The thin film member 5 separates the zirconia substrate 3 from the pressure guiding hole 12 side, protects the zirconia substrate 3 from corrosive liquid or gas entering through the pressure guiding hole 12, and has a thickness t.
Use metal foil or resin film of about 0.015 [mm].

[Effect of the Invention] This invention uses a zirconia substrate made of highly viscous zirconia ceramics as described above, forms a pressure-sensitive resistor having a piezo effect on the zirconia substrate by a thick film printing technique, and forms the zirconia. It is characterized in that the substrate is fitted into a recess provided at the center of the pedestal on the side receiving the positive pressure, and is bonded to the surface of the recess, which is inexpensive, excellent in productivity, and accurate in the zirconia substrate.
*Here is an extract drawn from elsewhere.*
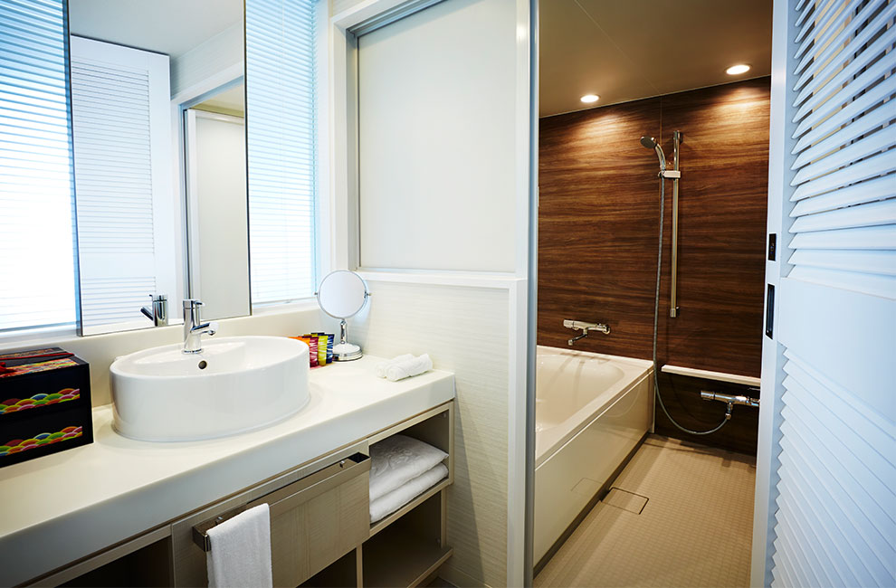 最大3名様利用(34㎡)でホテル最上階に位置するオーシャンキングは、全室ハーバーサイドに面しており、大阪ベイエリアの開放的な景色をお楽しみいただけます。また他のフロアのお部屋より一回り大きな洗い場付のバスルームを完備。お部屋内では靴を脱いでお過ごしいただけます。

This has the effect of providing a thick-film pressure sensor that can secure the bonding position and the bonding force with a simple configuration.

Further, the present invention can be used for an oil pressure switch or a pneumatic switch for detecting various pressures such as a hydraulic pressure and a pneumatic pressure.

[Brief description of the drawings]

FIG. 1 is a longitudinal sectional view showing a preferred embodiment of the present invention, FIG. 2 is a perspective view of a pedestal and internal terminals shown in FIG.
The figure is a perspective view of a thin film member provided in the thick film pressure sensor shown in FIG. 1 ... case, 2 ... pedestal, 3 ... zirconia substrate, 4
... pressure-sensitive resistor, 5 ... thin film.

Claims (1)

(57) [Scope of request for utility model registration] A hard case (1) having a pressure guiding tube (11)
And a pedestal (2) provided around the pressure guiding hole (12) of the pressure guiding tube (11), and fitted into a recess provided at the center of the pedestal (2) on the side receiving the positive pressure, and A zirconia substrate (3) bonded to the surface of the zirconia substrate, a pressure-sensitive resistor (4) formed by thick-film printing on the zirconia substrate (3), the case (1) and a cylindrical plate-shaped pedestal (2). A cap (7) sandwiched between the cap (7), a board (8) mounted on the inner wall of the cap (7), an external terminal (81) provided on the board (8) and projecting outward, A thick-film pressure sensor, comprising: (8) an internal terminal (82) for electrically connecting the zirconia substrate (3).